McCoy wasn't bad last year. I looked him up on ESPN. Look at these stats per 48 minutes. 16 points 1.5 assists 12.5 rebounds 5.7 fouls (haha) 3.4 TOs 2.1 blocks .98 steals 54.8% Also i saw he only played in 67 games and only started 25. His regular numbers in his 20 minutes per game looked like this. 6.8 points 0.6 assists 5.3 rebounds 2.4 fouls 1.4 TOs .42 steals 54.8% McCoy isn't a great starter but is a pretty good backup. He's probably not too great on offense considering his minimal points and turnovers but seems to be a pretty good rebounder. I wouldn't take him over Foster or Pollard on the Pacers but the Cavs really need him.:yes:


----------



## Mongolmike (Jun 11, 2002)

> Originally posted by <b>Pacers Fan</b>!
> 
> 
> I wouldn't take him over Foster or Pollard on the Pacers but the Cavs really need him.:yes:


Haha... yeah, you guys let a good center go, for a couple of true stiffs, and you say we need McCoy? We've got an All-star center in Z, and a young cat who has more potential than the rag-a-muffins you got at center. You let Brad Miller go... a decent shooting center with a tough attitude, for Greg "freakin'" Foster.....lol....nice........:laugh:


----------



## Pacers Fan (Aug 25, 2002)

> Originally posted by <b>Mongolmike</b>!
> 
> 
> Haha... yeah, you guys let a good center go, for a couple of true stiffs, and you say we need McCoy? We've got an All-star center in Z, and a young cat who has more potential than the rag-a-muffins you got at center. You let Brad Miller go... a decent shooting center with a tough attitude, for Greg "freakin'" Foster.....lol....nice........:laugh:


I'm just saying both Z and Diop are injury-prone. Ummm now we have 2 centers that don't score but are very good rebounders. with harrington and jo that's really all we need from them. We we let brad miller go because he wanted to many $$$ and we got scot pollard in return not greg foster.


----------



## speedythief (Jul 16, 2003)

Jelani... what can I say...
He has a good attitude. If he continues to work on his game he can be a respectable 3rd string C. But I really doubt he develops into more than that. At least he's got a job.


----------



## Mongolmike (Jun 11, 2002)

> Originally posted by <b>Pacers Fan</b>!
> 
> 
> we got scot pollard in return not greg foster.
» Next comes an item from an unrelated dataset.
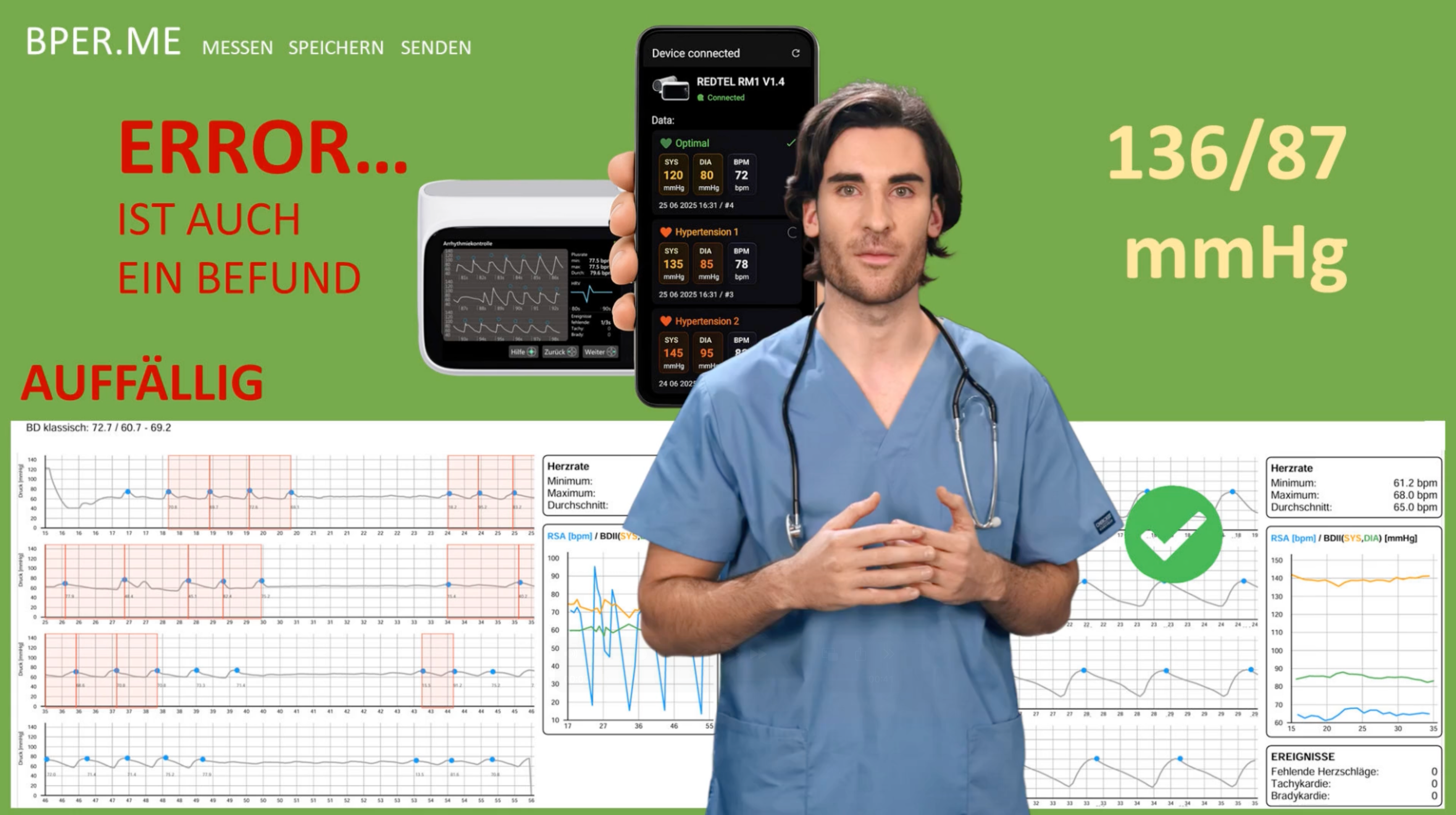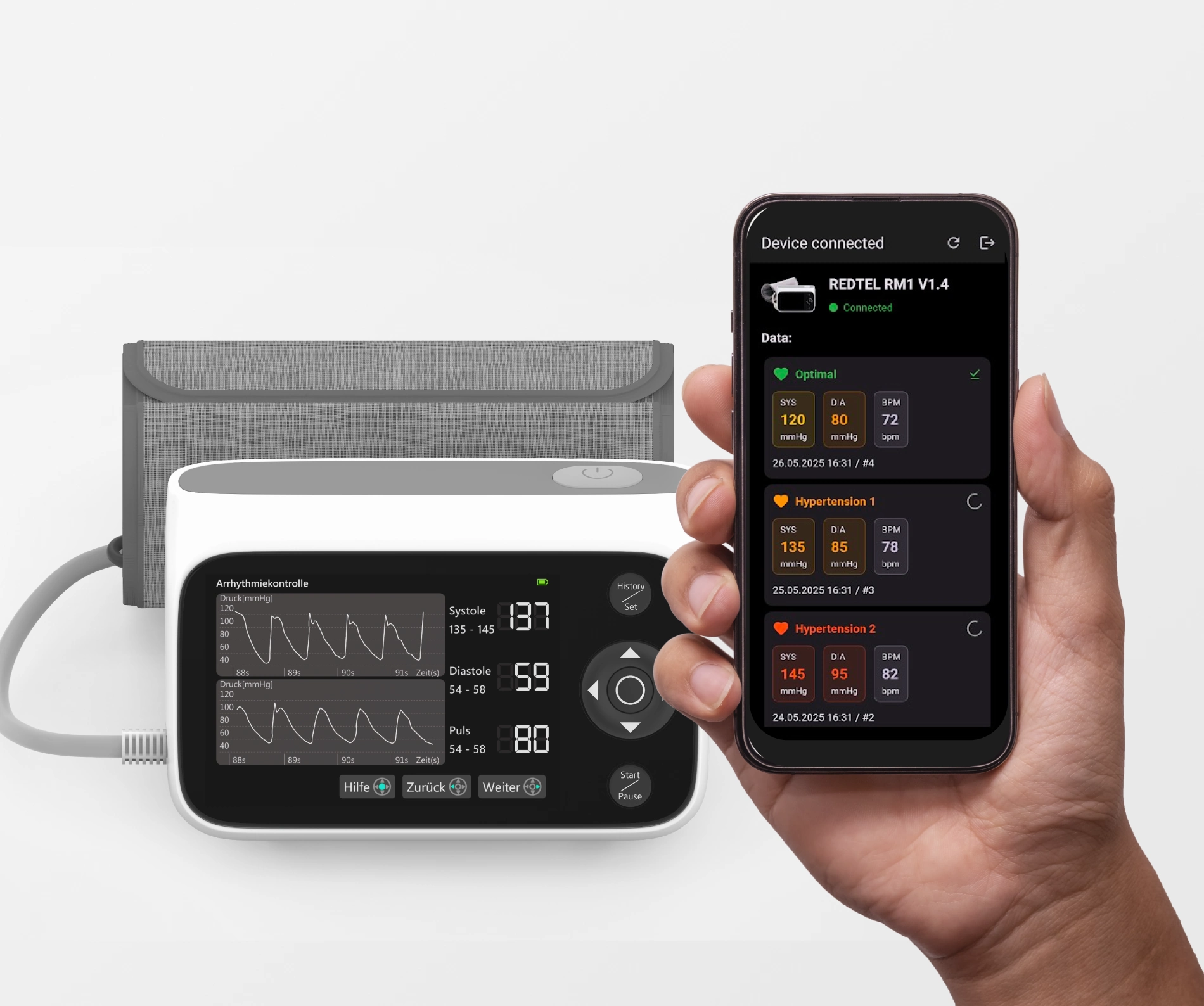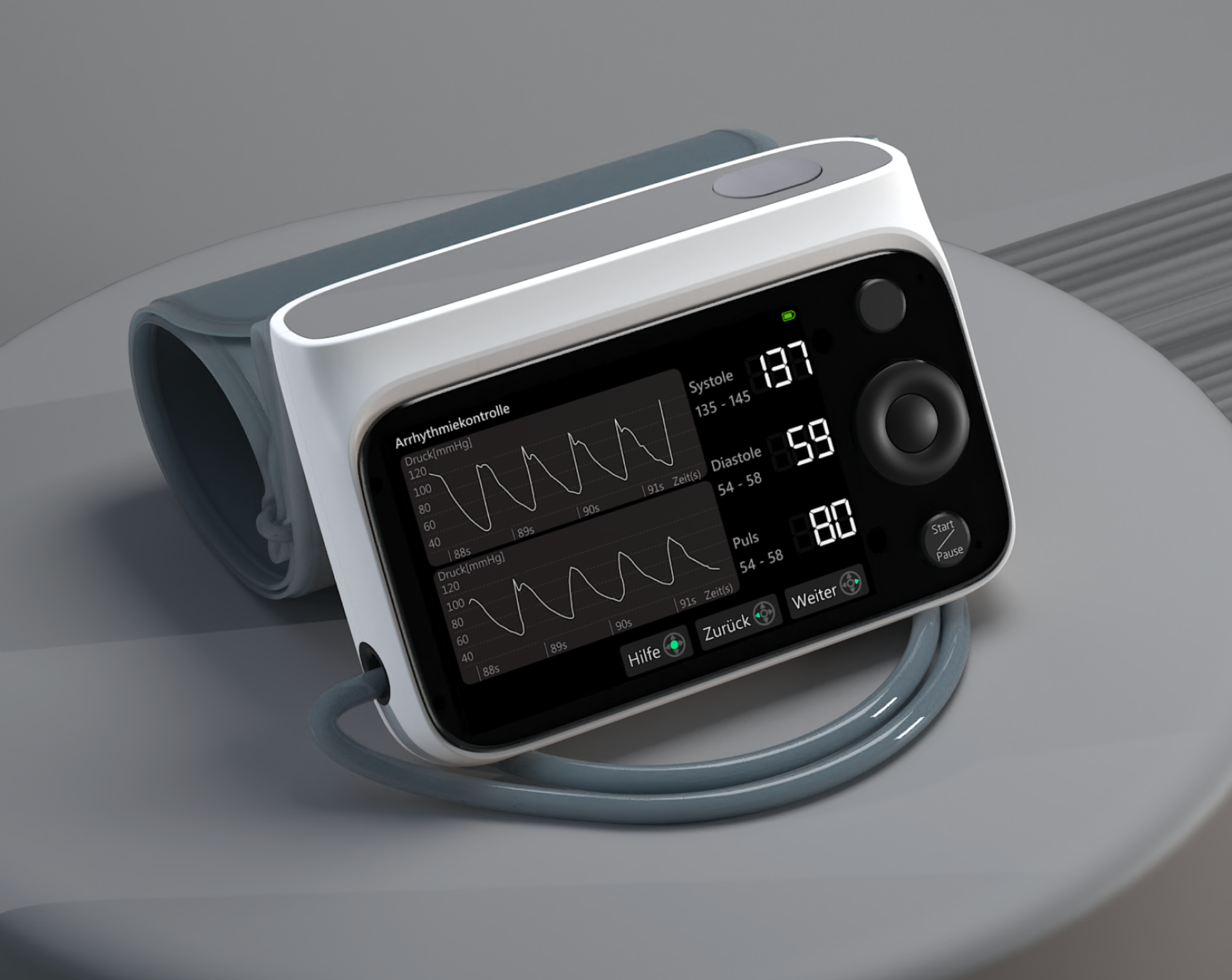 | Oberarm-Manschette | Zwei Zahlen genügen. | Arrhythmie = ERROR • keine Kurve, kein Kontext. |

lol... Pollard, Foster... lol, it don't really matter... they are stiffs... journeymen. Try to spin it how ever you need to, but you lost one of the top 4 centers in the east for nobodies. (I liked Miller's game a lot. In fact, I think he is a solid center, and I love his attitude.) If you're expecting rebounding from these jokers, Pollard ain't gonna get you 16 boards a game. He probably won't even average 10 boards. He ain't gonna average 10 points a game. He will give you 6 good fouls a game and a variety of hair styles. Well, that, and he's cheap....lol:laugh:


----------



## Rashidi (Oct 2, 2003)

> Haha... yeah, you guys let a good center go, for a couple of true stiffs, and you say we need McCoy? We've got an All-star center in Z, and a young cat who has more potential than the rag-a-muffins you got at center. You let Brad Miller go... a decent shooting center with a tough attitude, for Greg "freakin'" Foster.....lol....nice......


Talk about vengeful... you completely misinterpreted the entire post. What does letting Miller go have to do with Jelani McCoy?

Pollard and Foster are good backups, check their 01-02 numbers. The reason they couldn't bring back Miller is because they couldn't afford him. Jermaine O'Neal will see time at center this year too, which is ok because the team has depth at PF.

Z and Diop are injury prone, and Mihm will see most of his time at PF this year. That leaves Stewart (also injury prone), and Sundov. So how is it the Cavs don't need McCoy more than the Pacers?


----------